* [Input records]:
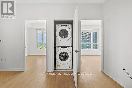 Prime Mississauga Location! Bright and spacious 2-bed, 2-bath, 2 underground parking spaces, and 1 locker condo with a large primary bedroom featuring a 4-piece ensuite. Open-concept living and dining with large windows and walkout to a balcony offering unobstructed city views. Modern kitchen with stainless steel appliances with custom island and quartz countertops. Includes ensuite laundry. Building amenities: concierge, lounge,
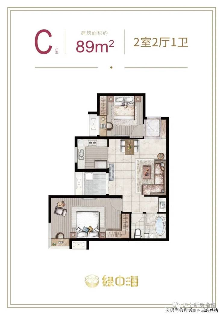 建面约87-89㎡2房2厅1卫
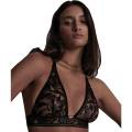 Бюстгальтер - балконет з м'якою, достатньо, відкритою формою чашок на кісточках. Чашки бюстгальтера виготовлені з тюлю з вишивкою з оксамитовим напиленням. Центральна та бічні панелі доповнені вставками з гіпюру. Регульовані бретелі виконані з нееластичного гіпюру та доповнені металевими кільцями
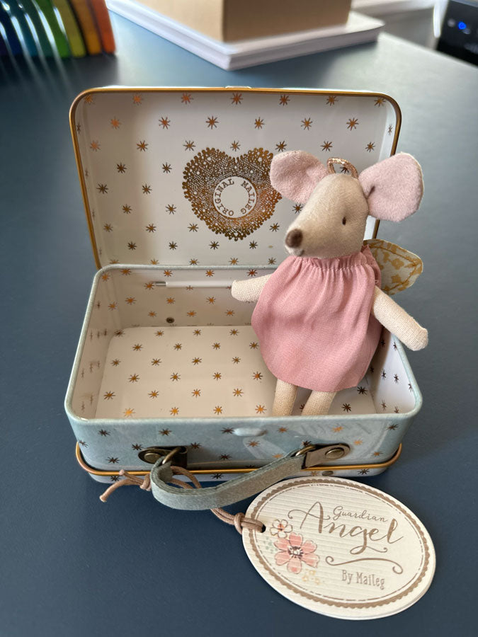 Jeder sollte so eine kleine Schutzengelmaus haben! Die niedliche Engelsmaus von Maileg wird in einem hübschen, kleinen Koffer geliefert - die Maus ist 7 cm groß und hat ein putziges Kleidchen an und hübsche Flügelchen am Rücken. Toll zum Verschenken geeignet oder als eigener kleiner Glücksbringer.
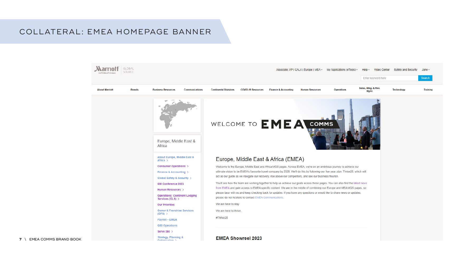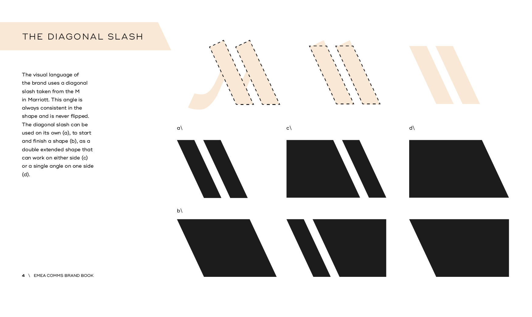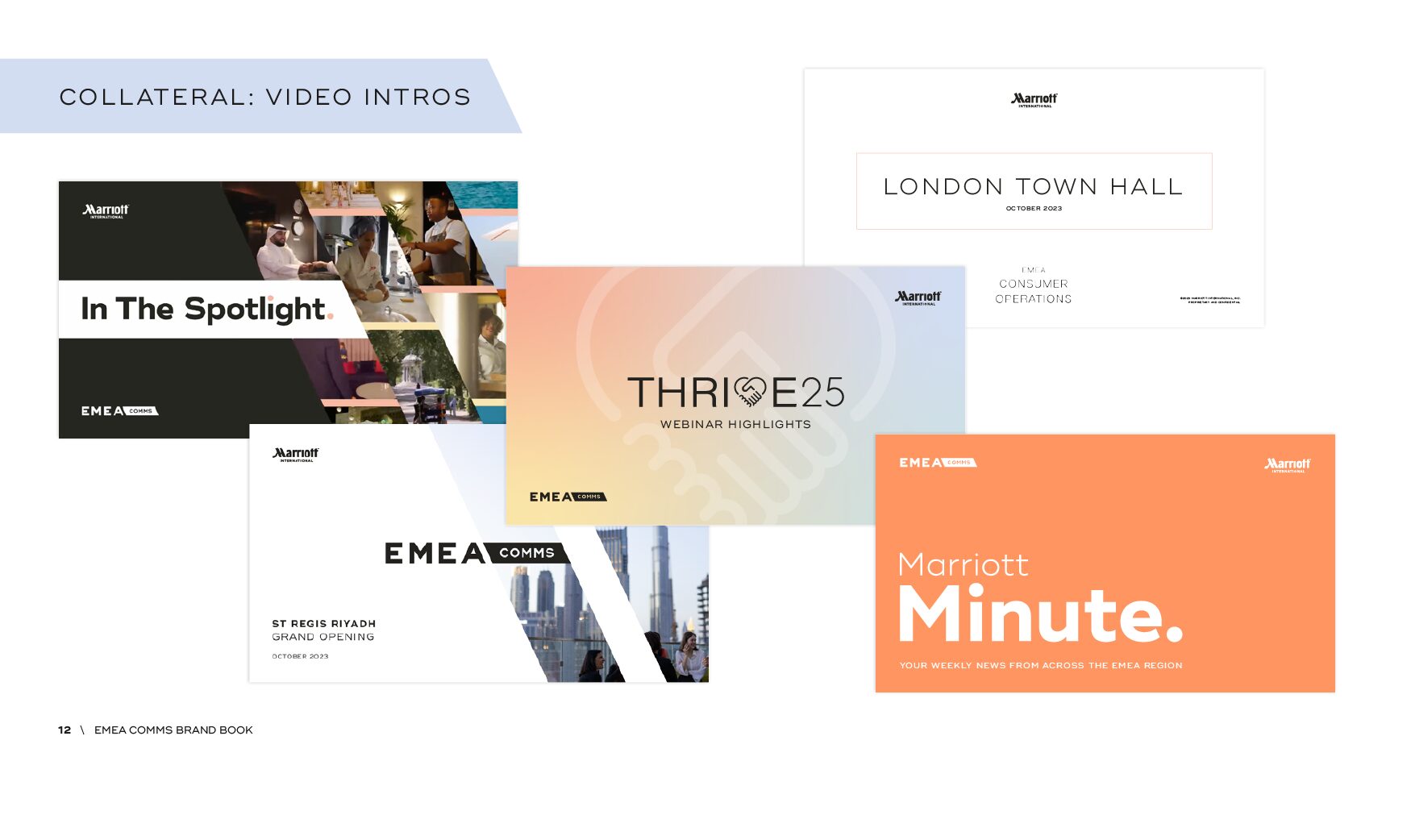 Using the corporate style, we wanted to create a standalone brand that was used for all internal communications coming from the EMEA IC team, but still making it recognisable as Marriott. We have used the angle from the Marriott font to create a slice graphic that houses elements including photography and graphics. And used the secondary colour palette to make the colours and content pop.
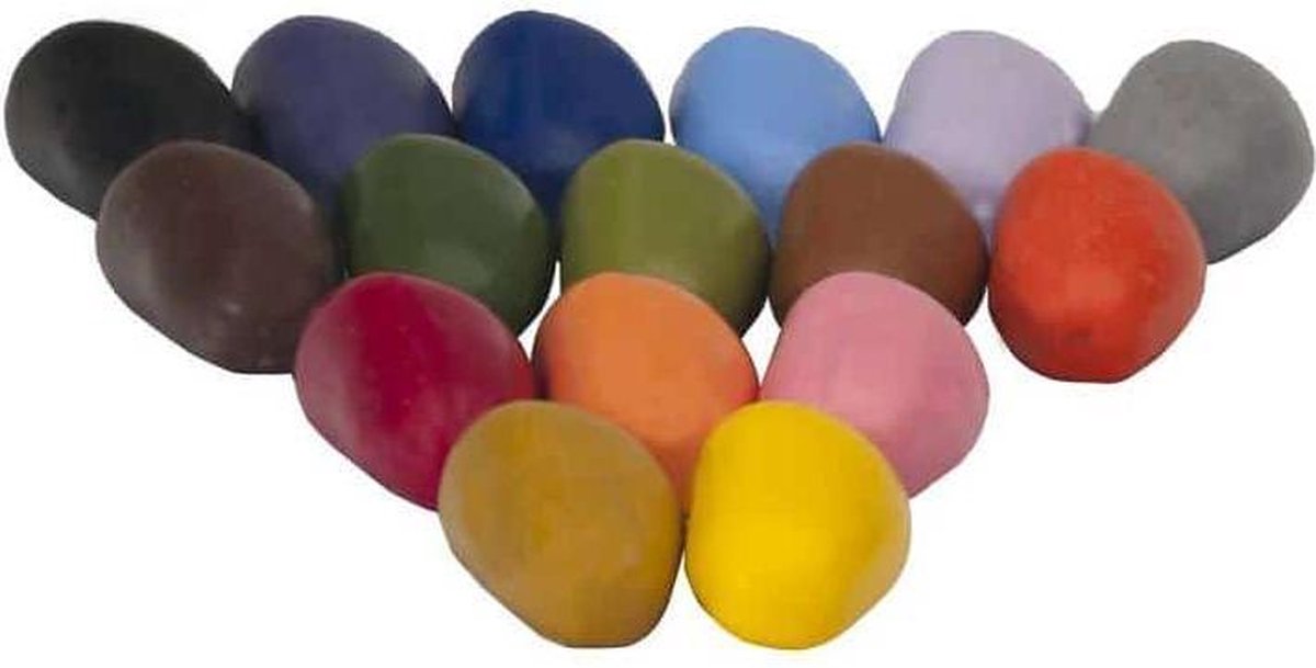 16 kleuren Crayon Rocks in een rood velours zakje. Deze ecologische krijtjes zijn gemaakt op basis soja-wax en minerale kleurstoffen. In het zakje zitten de kleuren red, pink, blue, sky, green, grass, dark yellow, light yellow, orange, peach, purple, light purple, brown, tan, black, gray. Fijne krijtjes die de pengreep stimuleren bij jonge kinderen, laag over laag gebruikt kunnen worden en ook als marker op bijv textiel heel handig zijn. Wasbestendig tot 60C. Geschikt VA 3 jaar . Tag: Crayon Rocks.
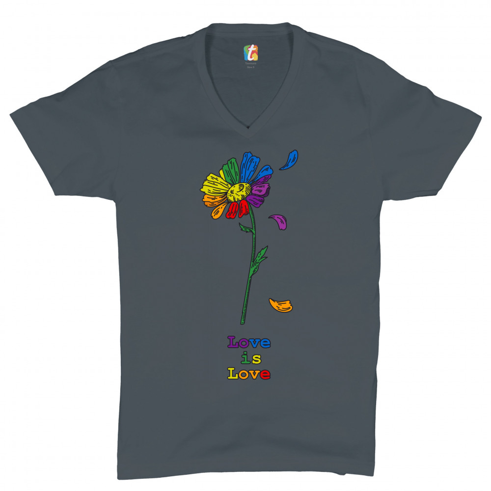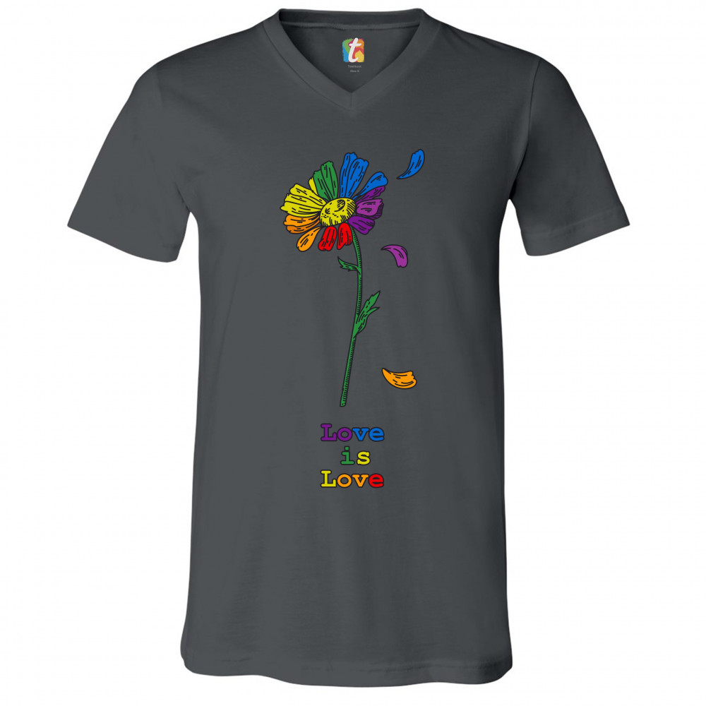 LOVE IS LOVE v-neck t-shirt rainbow flower lgbt acceptance gay pride tee charcoal
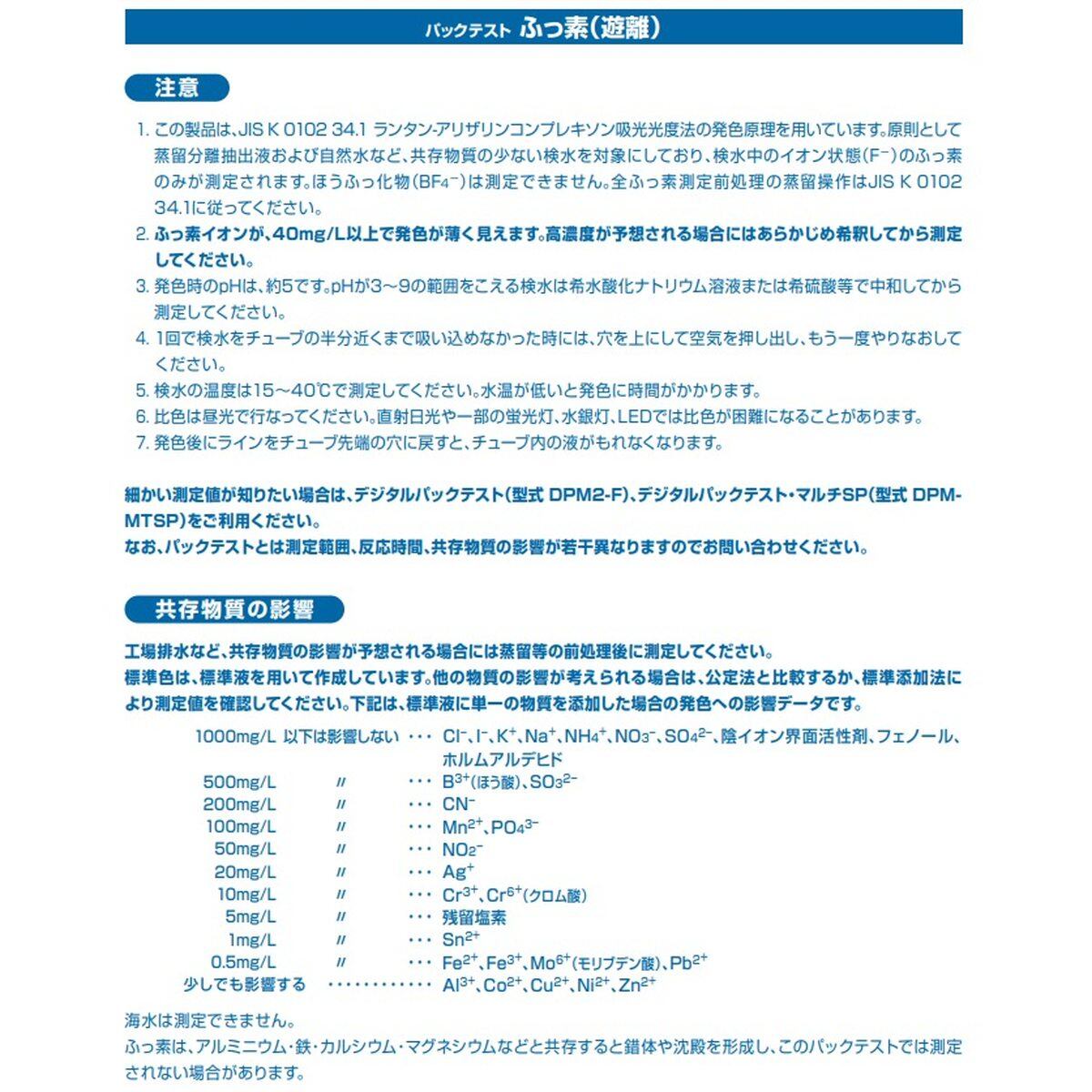 この製品は、検水中のイオン状態のふっ素(F-)を簡単に測定することができます。
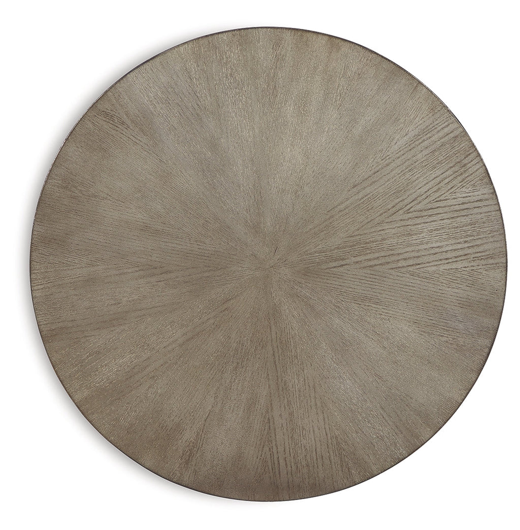 With the addition of a striking accent piece, one can take any room from ordinary to extraordinary. And this round accent table has just what it takes to elevate your home's decor to astonishing new heights. Made with wood veneer in a warm metallic silvertone finish and complemented by metal tubular legs, its artful composition and spartan design mesh seamlessly into any modern living space.
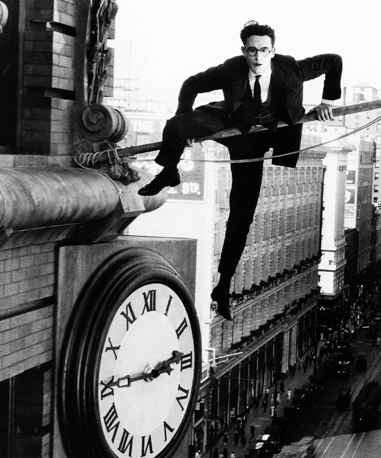 在本片中,罗依德扮演一名百货公司的店员。该公司为了商业宣传,请了一位特技演员前来表演从楼下爬到大楼屋顶的绝技,不料那位特技演员途中与交通警员发生了纠纷而无法赶到。百货公司为了向围观的群众有所交代,只好由罗依德权充演员,在众目睽睽之下表演特技。

* [Exercise]:
Print the material word for word without images.

* [Result of this exercise]:
 Prime Mississauga Location! Bright and spacious 2-bed, 2-bath, 2 underground parking spaces, and 1 locker condo with a large primary bedroom featuring a 4-piece ensuite. Open-concept living and dining with large windows and walkout to a balcony offering unobstructed city views. Modern kitchen with stainless steel appliances with custom island and quartz countertops. Includes ensuite laundry. Building amenities: concierge, lounge,
 建面约87-89㎡2房2厅1卫
 Бюстгальтер - балконет з м'якою, достатньо, відкритою формою чашок на кісточках. Чашки бюстгальтера виготовлені з тюлю з вишивкою з оксамитовим напиленням. Центральна та бічні панелі доповнені вставками з гіпюру. Регульовані бретелі виконані з нееластичного гіпюру та доповнені металевими кільцями
 Jeder sollte so eine kleine Schutzengelmaus haben! Die niedliche Engelsmaus von Maileg wird in einem hübschen, kleinen Koffer geliefert - die Maus ist 7 cm groß und hat ein putziges Kleidchen an und hübsche Flügelchen am Rücken. Toll zum Verschenken geeignet oder als eigener kleiner Glücksbringer.
 Using the corporate style, we wanted to create a standalone brand that was used for all internal communications coming from the EMEA IC team, but still making it recognisable as Marriott. We have used the angle from the Marriott font to create a slice graphic that houses elements including photography and graphics. And used the secondary colour palette to make the colours and content pop.
 16 kleuren Crayon Rocks in een rood velours zakje. Deze ecologische krijtjes zijn gemaakt op basis soja-wax en minerale kleurstoffen. In het zakje zitten de kleuren red, pink, blue, sky, green, grass, dark yellow, light yellow, orange, peach, purple, light purple, brown, tan, black, gray. Fijne krijtjes die de pengreep stimuleren bij jonge kinderen, laag over laag gebruikt kunnen worden en ook als marker op bijv textiel heel handig zijn. Wasbestendig tot 60C. Geschikt VA 3 jaar . Tag: Crayon Rocks.
 LOVE IS LOVE v-neck t-shirt rainbow flower lgbt acceptance gay pride tee charcoal
 この製品は、検水中のイオン状態のふっ素(F-)を簡単に測定することができます。
 With the addition of a striking accent piece, one can take any room from ordinary to extraordinary. And this round accent table has just what it takes to elevate your home's decor to astonishing new heights. Made with wood veneer in a warm metallic silvertone finish and complemented by metal tubular legs, its artful composition and spartan design mesh seamlessly into any modern living space.
 在本片中,罗依德扮演一名百货公司的店员。该公司为了商业宣传,请了一位特技演员前来表演从楼下爬到大楼屋顶的绝技,不料那位特技演员途中与交通警员发生了纠纷而无法赶到。百货公司为了向围观的群众有所交代,只好由罗依德权充演员,在众目睽睽之下表演特技。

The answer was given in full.